Try with ping pong ball, an orange, a soccer ball, whatever you like. You'll see that there is no occurrence of planes. Of course cartographers have to use planar maps - how could you post a globe to the Internet or print it in a book?
> I would agree with you there about the "shrinking by cooling", but > Plate tectonics sees it as VERY important, being responsible for the > slope of the ridges, from which the ages of the ocean floors are > worked out. I would see it as just gravitational adjustment on an > expanding substrate. Plate tectonics calls it 'ridge-push', but sees > it as thermally induced (because it wants to maintain a convective > model), rather than a direct gravitational correction.
Of course it could be possible that the earth is expanding at the mid-ocean ridges. But I cannot see any evidence of this. As the diameter of the Earth grows, the radius of the surface does so too. Did you ever try to make an orange peel flat? The margin will be torn resulting in several lobes, so that the peel will loke like a flower in the end. Obviously, there are no gaps in the Earth's surface, neither are there active margins rectangular to the primary active margins, producing the crust required for the increasing diameter.
You write a lot about transform faults - with an expanding earth, the transform faults could not be parallel, but their distance would have to grow when you travel away from the "primary" mid-ocean ridge. I cannot find any occurrence of this feature on the Earth.
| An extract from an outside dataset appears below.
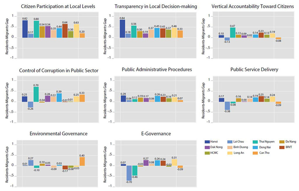 The gaps varied by provinces of destination in 2022. Migrants in Hanoi tend to be a lot less inclusive in Participation at Local Levels, Transparency in Local Decision-making and Public Administrative Procedures than in other 10 provinces. The differences are felt less by migrants in Binh Duong province. Migrants in Lai Chau and Thai Nguyen had more favorable feedback on E-Governance in 2022 than those in other nine provinces.

> But hang on, ...you brought up the tea leaf analogy to draw attention > to the undisturbed surface with all that roiling convection > underneath. I was just agreeing with you. Anyhow, I haven't thought > much about it, but a surface tension analogy might not be a bad one. > That knife edge of a subduction zone looks to me more like a big > meniscus of a sort, than it does how I would expect a subduction zone > to look like. How would I expect a big subduction zone to look? > Something like the inverse of the ridges, i.e. a gre.ea..t lo...ong > slo..o..ope down into THE CHASM,... just exactly the reverse of the > great long slope up to the ridge. But we don't get it. All we get > is a 'pdoing!'..or a 'bloop'.
There is no CHASM because the speed of the moving plates is so slow that the vertical effects of the convection are levelled by gravitation.
The reason why I refrained from the tea leaves comparison was that water-saturated tea leaves are denser than water and sink. Only as long as they are dry, they float on the water due to their low density (with air in the pores) and the surface tension (as the dry leaves obviously have positive contact angles - sorry if I don't know the right physics terminology). Wood on water is better, since it is *actually* denser than water (at least for some months) and the contact angle is negative so that surface tension doesn't support them.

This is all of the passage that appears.